Abbildung 2: Compliance-Änderung aufgrund der ESR in einer Stimulationssequenz mit dem Up-Down-Stimulationsverfahren (von unten nach oben, beginnend bei niedrigen Stimulationsniveaus q0). Erhöhung der Stimulationsniveaus q0 bis q3, Verringerung der Stimulationsniveaus q3 bis q0. Einzelne Leiterbahnen entsprechen Impedanzänderungen, die durch das Auslösen des eSR beobachtet werden.
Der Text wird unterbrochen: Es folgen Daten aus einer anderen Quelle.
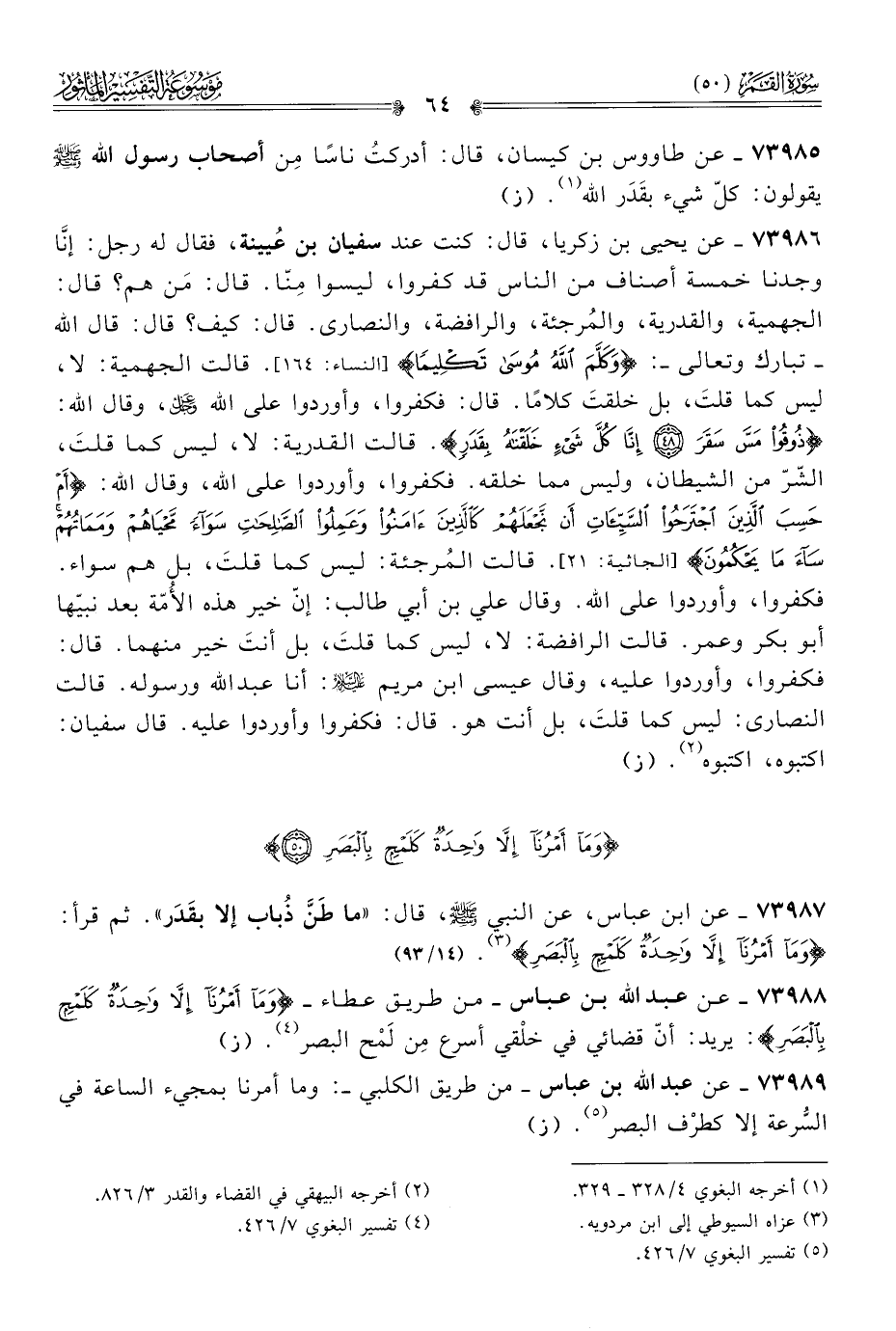 ٧٣٩٨٦ - عن يحيى بن زكريا، قال: كنت عند سفيان بن عُيينة، فقال له رجل: إنّا وجدنا خمسة أصناف من الناس قد كفروا، ليسوا مِنّا. قال: مَن هم؟ قال: الجهمية، والقدرية، والمُرجئة، والرافضة، والنصارى. قال: كيف؟ قال: قال الله -تبارك وتعالى-: {وكلم الله موسى تكليما} [النساء: ١٦٤]. قالت الجهمية: لا، ليس كما قلتَ، بل خلقتَ كلامًا. قال: فكفروا، وأوردوا على الله - عز وجل -، وقال الله: {ذوقوا مس سقر إنا كل شيء خلقناه بقدر}. قالت القدرية: لا، ليس كما قلتَ، الشّرّ من الشيطان، وليس مما خلقه. فكفروا، وأوردوا على الله، وقال الله: {أم حسب الذين اجترحوا السيئات أن نجعلهم كالذين آمنوا وعملوا الصالحات سواء محياهم ومماتهم ساء ما يحكمون} [الجاثية: ٢١]. قالت المُرجئة: ليس كما قلتَ، بل هم سواء. فكفروا، وأوردوا على الله. وقال علي بن أبي طالب: إنّ خير هذه الأُمّة بعد نبيّها أبو بكر وعمر. قالت الرافضة: لا، ليس كما قلتَ، بل أنتَ خير منهما. قال: فكفروا، وأوردوا عليه، وقال عيسى ابن مريم - عليه السلام -: أنا عبد الله ورسوله. قالت النصارى: ليس كما قلتَ، بل أنت هو. قال: فكفروا وأوردوا عليه. قال سفيان: اكتبوه، اكتبوه (¬٢). (ز)

Verwendete Stimuli: Bursts von 300 ms, Stimulation beginnt zum Zeitpunkt = 0. Abkürzung: eSR = elektrisch evozierter Stapediusreflex. Bitte klicken Sie hier, um eine größere Version dieser Abbildung anzuzeigen.
Generell ist die spontane Akzeptanz einer eSRT-basierten Anpassung hoch. In Bezug auf die audiologische Leistungsfähigkeit zeigen Patienten mit einer auf eSRT basierenden Programmierung keine signifikanten Unterschiede in den unterstützten Schwellenwerten oder Worterkennungswerten im Vergleich zu erfahrenen Patienten mit einer Programmierung, die auf einer subjektiven Lautheitsskalabasiert 3. Solche Ergebnisse sind jedoch nur zu erwarten, wenn eine zuverlässige Lautheitsskalierung möglich ist.
Insbesondere bilaterale Cochlea-Implantat-Träger scheinen von der eSRT-basierten Programmierung zu profitieren. Diese Patienten erreichen oft ähnliche Hörschwellen auf beiden Ohren, wie in Abbildung 3 dargestellt. Letzteres deutet darauf hin, dass die Symmetrie des Gehörs hoch ist, wenn die eSRT-Methode zur Anpassung beider Implantate verwendet wird.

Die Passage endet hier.